WHAT THE TASK REQUIRES.
Please restate, exactly as they appear, only the lines from the one that contains "清华新闻网4月1日电 3月2" to the final line of the entries, with no pictures.

DATA FOR THE TASK.

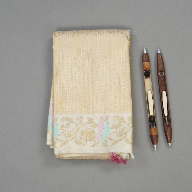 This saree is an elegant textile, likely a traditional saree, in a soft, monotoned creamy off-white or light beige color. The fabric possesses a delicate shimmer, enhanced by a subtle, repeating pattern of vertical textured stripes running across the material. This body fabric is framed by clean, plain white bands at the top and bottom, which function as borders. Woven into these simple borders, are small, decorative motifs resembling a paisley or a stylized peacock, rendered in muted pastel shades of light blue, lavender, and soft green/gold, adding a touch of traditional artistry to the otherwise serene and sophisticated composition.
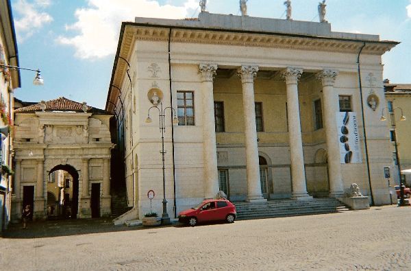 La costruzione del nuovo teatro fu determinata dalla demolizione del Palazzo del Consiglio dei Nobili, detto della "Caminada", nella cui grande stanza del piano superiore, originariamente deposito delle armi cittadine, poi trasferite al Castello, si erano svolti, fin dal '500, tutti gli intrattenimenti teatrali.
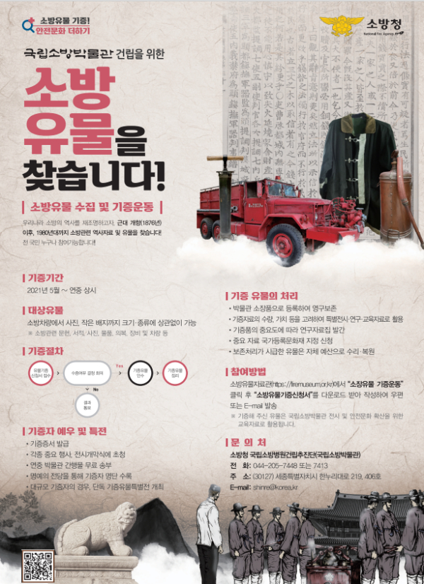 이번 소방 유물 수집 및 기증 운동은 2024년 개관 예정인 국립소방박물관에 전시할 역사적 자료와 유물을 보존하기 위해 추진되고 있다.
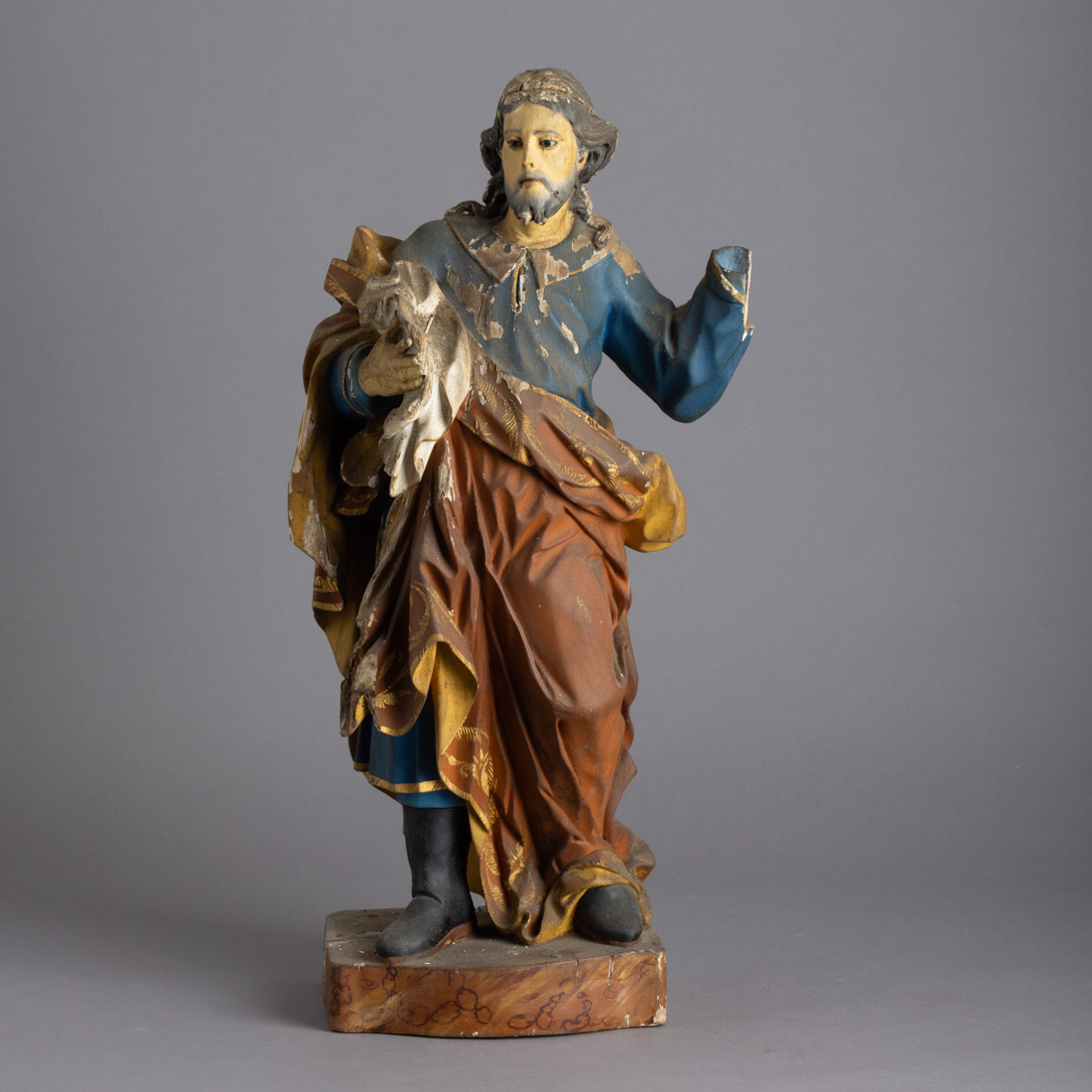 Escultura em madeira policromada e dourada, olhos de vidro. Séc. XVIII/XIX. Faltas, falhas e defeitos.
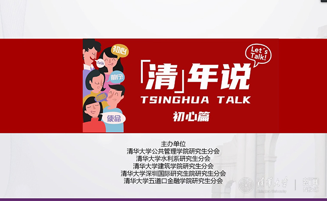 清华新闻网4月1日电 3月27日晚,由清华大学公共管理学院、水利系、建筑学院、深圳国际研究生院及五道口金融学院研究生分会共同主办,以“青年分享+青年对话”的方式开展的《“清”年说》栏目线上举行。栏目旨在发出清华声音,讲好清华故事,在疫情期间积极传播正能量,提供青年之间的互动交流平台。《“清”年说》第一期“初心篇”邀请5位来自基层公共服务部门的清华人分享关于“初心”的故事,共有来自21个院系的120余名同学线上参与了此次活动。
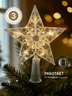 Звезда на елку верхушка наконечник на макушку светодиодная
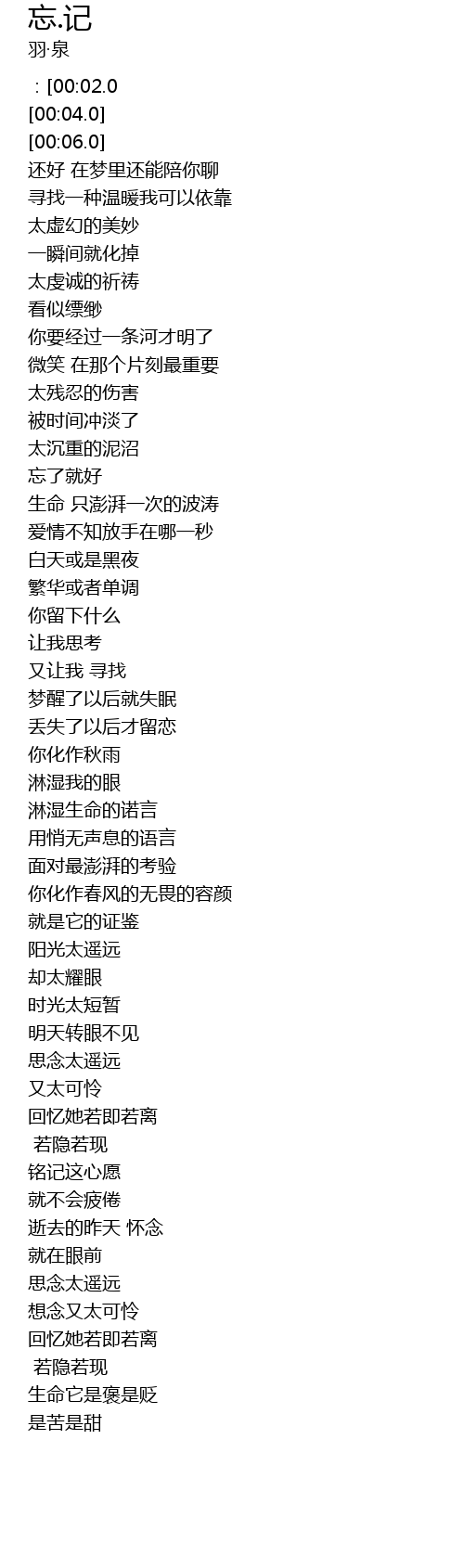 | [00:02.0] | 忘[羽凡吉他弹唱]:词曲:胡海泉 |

SOLUTION TO THE EXERCISE.
 清华新闻网4月1日电 3月27日晚,由清华大学公共管理学院、水利系、建筑学院、深圳国际研究生院及五道口金融学院研究生分会共同主办,以“青年分享+青年对话”的方式开展的《“清”年说》栏目线上举行。栏目旨在发出清华声音,讲好清华故事,在疫情期间积极传播正能量,提供青年之间的互动交流平台。《“清”年说》第一期“初心篇”邀请5位来自基层公共服务部门的清华人分享关于“初心”的故事,共有来自21个院系的120余名同学线上参与了此次活动。
 Звезда на елку верхушка наконечник на макушку светодиодная
 | [00:02.0] | 忘[羽凡吉他弹唱]:词曲:胡海泉 |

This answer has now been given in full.